Challenges with Big Data


Data volume: Data today is growing at an exponential rate. This high
tide of data will continue to rise continuously. The key questions are – “will
all this data be useful for analysis?”,
“Do we work with all this data or subset of it?”,
“How will we separate the knowledge from the noise?” etc.
Storage: Cloud computing is the answer to managing infrastructure for
big data as far as cost-efficiency, elasticity and easy upgrading /
downgrading is concerned. This further complicates the decision to host

big data solutions outside the enterprise.


Data retention: How long should one retain this data? Some data may
require for log-term decision, but some data may quickly become
irrelevant and obsolete.
Skilled professionals: In order to develop, manage and run those
applications that generate insights, organizations need professionals who
possess a high-level proficiency in data sciences.
Other challenges: Other challenges of big data are with respect to
capture, storage, search, analysis, transfer and security of big data.
Visualization: Big data refers to datasets whose size is typically beyond
the storage capacity of traditional database software tools. There is no
explicit definition of how big the data set should be for it to be considered
bigdata. Data visualization(computer graphics) is becoming popular as a
separate discipline. There are very few data visualization experts.

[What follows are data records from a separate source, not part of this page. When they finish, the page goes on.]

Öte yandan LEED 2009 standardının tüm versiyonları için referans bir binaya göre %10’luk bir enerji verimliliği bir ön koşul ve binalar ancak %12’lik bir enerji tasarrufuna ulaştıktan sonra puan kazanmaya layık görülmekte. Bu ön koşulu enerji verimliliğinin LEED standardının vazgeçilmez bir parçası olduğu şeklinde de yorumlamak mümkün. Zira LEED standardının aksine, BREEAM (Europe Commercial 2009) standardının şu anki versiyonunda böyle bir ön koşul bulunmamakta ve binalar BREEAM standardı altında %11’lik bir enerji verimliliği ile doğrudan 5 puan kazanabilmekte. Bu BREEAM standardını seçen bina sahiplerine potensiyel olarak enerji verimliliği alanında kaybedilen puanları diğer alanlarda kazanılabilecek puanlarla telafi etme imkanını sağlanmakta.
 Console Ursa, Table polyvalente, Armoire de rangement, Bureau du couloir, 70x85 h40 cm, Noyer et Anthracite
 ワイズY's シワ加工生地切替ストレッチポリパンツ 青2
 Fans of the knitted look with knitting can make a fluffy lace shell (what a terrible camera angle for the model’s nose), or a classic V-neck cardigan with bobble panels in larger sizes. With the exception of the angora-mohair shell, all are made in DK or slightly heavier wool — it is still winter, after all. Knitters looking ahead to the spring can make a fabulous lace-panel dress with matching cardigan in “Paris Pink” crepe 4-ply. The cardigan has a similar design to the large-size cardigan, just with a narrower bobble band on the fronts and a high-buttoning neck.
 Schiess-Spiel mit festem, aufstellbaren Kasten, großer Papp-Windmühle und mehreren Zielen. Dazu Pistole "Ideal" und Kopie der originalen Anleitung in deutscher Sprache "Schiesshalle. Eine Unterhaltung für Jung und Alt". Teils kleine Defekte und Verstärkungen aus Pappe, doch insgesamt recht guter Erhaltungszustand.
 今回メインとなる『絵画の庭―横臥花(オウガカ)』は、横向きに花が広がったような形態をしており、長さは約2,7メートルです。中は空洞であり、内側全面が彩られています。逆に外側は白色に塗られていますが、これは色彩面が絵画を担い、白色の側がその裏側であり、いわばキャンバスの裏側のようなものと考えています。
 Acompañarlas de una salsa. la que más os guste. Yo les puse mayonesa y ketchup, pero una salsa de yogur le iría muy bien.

Why is Big Data Important?


The importance of big data does not revolve around how much data a
company has but how a company utilizes the collected data. Every
company uses data in its own way; the more efficiently a company uses
its data, the more potential it has to grow. The company can take data
from any source and analyze it to find answers which will enable:
1. Cost Savings: Some tools of Big Data like Hadoop and Cloud-Based
Analytics can bring cost advantages to business when large amounts of
data are to be stored and these tools also help in identifying more
efficient ways of doing business.
2. Time Reductions: The high speed of tools like Hadoop and in-memory
analytics can easily identify new sources of data which helps
businesses analyzing data immediately and make quick decisions
based on the learning.
3. Understand the market conditions: By analyzing big data you can
get a better understanding of current market conditions. For example,
by analyzing customers’ purchasing behaviors, a company can find out
the products that are sold the most and produce products according to
this trend. By this, it can get ahead of its competitors.
4. Control online reputation: Big data tools can do sentiment analysis.
Therefore, you can get feedback about who is saying what about your
company. If you want to monitor and improve the online presence of
your business, then, big data tools can help in all this.
5. Using Big Data Analytics to Boost Customer Acquisition and
Retention: The customer is the most important asset any business
depends on. There is no single business that can claim success without
first having to establish a solid customer base. However, even with a
customer base, a business cannot afford to disregard the high
competition it faces. If a business is slow to learn what customers are
looking for, then it is very easy to begin offering poor quality products.
In the end, loss of clientele will result, and this creates an adverse
overall effect on business success. The use of big data allows
businesses to observe various customer related patterns and trends.
Observing customer behavior is important to trigger loyalty.
6. Using Big Data Analytics to Solve Advertisers Problem and
Offer Marketing Insights: Big data analytics can help change all
business operations. This includes the ability to match customer
expectation, changing company’s product line and of course ensuring
that the marketing campaigns are powerful.
7. Big Data Analytics As a Driver of Innovations and Product
Development: Another huge advantage of big data is the ability to
help companies innovate and redevelop their products.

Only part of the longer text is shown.